PS: I'm not looking for a way to refactor the code (like shape constructors/factories). I'm just asking the previous question "Is there some other way than as Type to cast an object literal to a type inline as a parameter to a function that will do full type checking?" My actual code is nothing like this but I needed to make a small example to demo the issue

typescript playground

CodePudding user response:

I'd use a discriminated union instead (but see below, there is an alterative using your current structure); then TypeScript can ensure that the object being provided has the necessary properties based on its name:

interface Circle {
    name: "Circle";
    radius: number;
}

interface Rectangle {
    name: "Rectangle";
    width: number;
    height: number;
}

type Shape = Circle | Rectangle;

const shapes: Shape[] = [];

// These work:
shapes.push({ name: "Circle", radius: 12 });
shapes.push({ name: "Rectangle", width: 34, height: 56 });

// This causes an error: 
shapes.push({ name: "Rectangle", width: 34 });

Playground example

Notice how the relationship between Shape and Circle/Rectangle is inverted: Now we derive Shape from Circle, Rectangle, and (down the line) other shapes. The name property in each of the shapes is a string literal property (it can only have the one value the shape defines for it for any given shape). When we create the union of shapes, name can be used to narrow members to specific shapes.

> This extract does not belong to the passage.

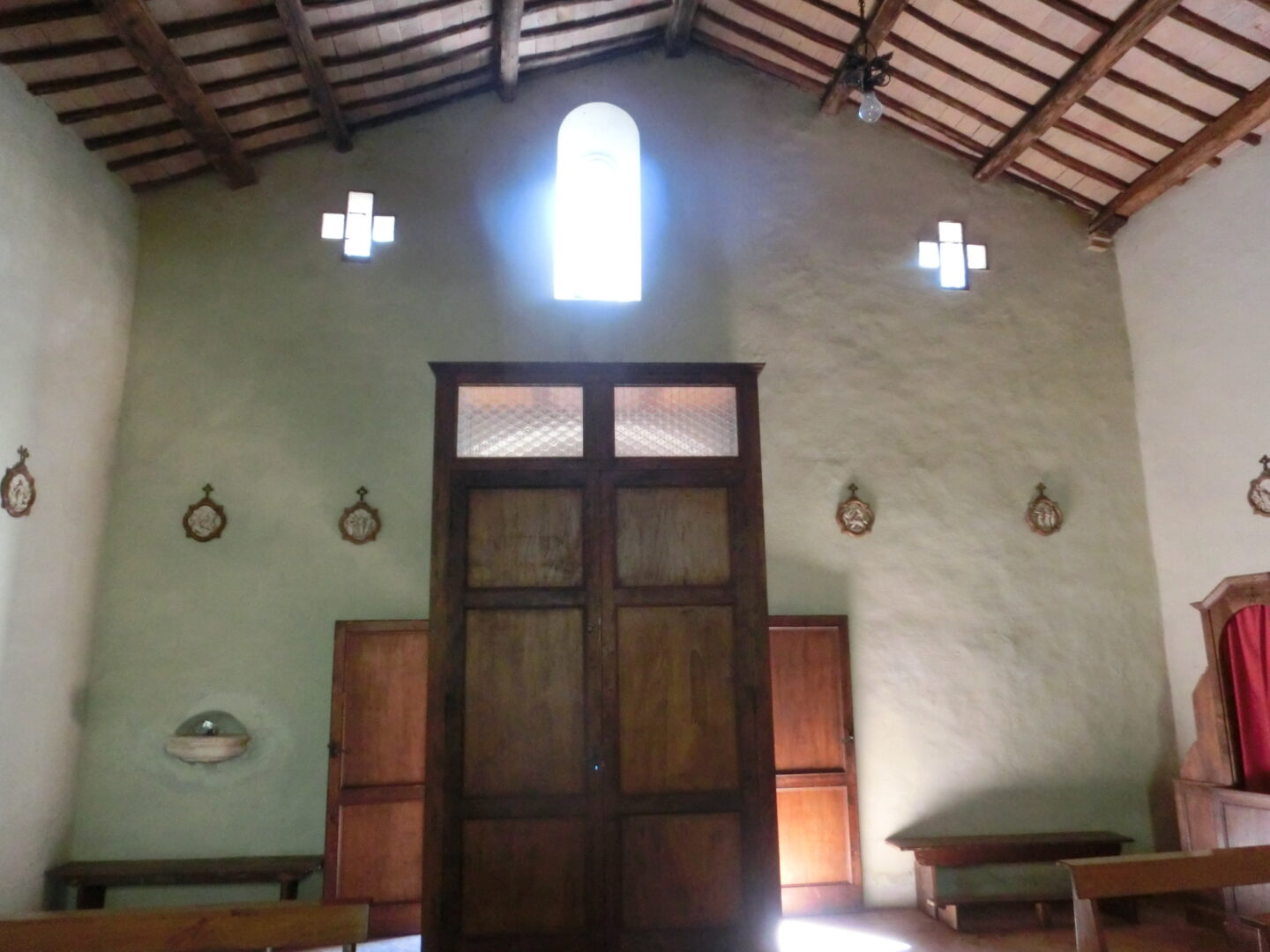 右側の壁には14世紀頃のフレスコ画の一部が残っていますが、元々ここにあった1585年制作の洗礼盤は現在はサン・クリーリコ・ドルチャのコッレジャートに、ジャンボローニャ作のブロンズ製十字架はモンタルチーノの教区博物館に置かれています。

Is there some other way than as Type to cast an object literal to a type inline as a parameter to a function that will do full type checking?

TypeScript doesn't have casting, it has type assertions. In languages that have casting, a cast can actually modify a value (for instance, you can use a cast to convert the actual bit values of an IEEE-754 floating point double into a 64-bit two's complement int). TypeScript doesn't have that. All that a type assertion does is tell TypeScript that you, the programmer, know that something fulfills the requirements of a given type.

But for what you're describing, TypeScript just added the satisfies operator which tells TypeScript you expect something to satisfy a type contract (without forcing it to). You could use it for this, but it's ugly:

// These work:
shapes.push({ name: "Circle", radius: 12 } satisfies Circle as Shape);
shapes.push({ name: "Rectangle", width: 34, height: 56 } satisfies Rectangle as Shape);

// This causes an error: 
shapes.push({ name: "Rectangle", width: 34 } satisfies Rectangle as Shape);

Playground example

The satisfies triggers the type check. Then we need a type assertion because the objects are defined with inline object literals, triggering TypeScript's excess property checks. (You wouldn't need it if the objects weren't defined inline [example], but doing it inline was one of your requirements.)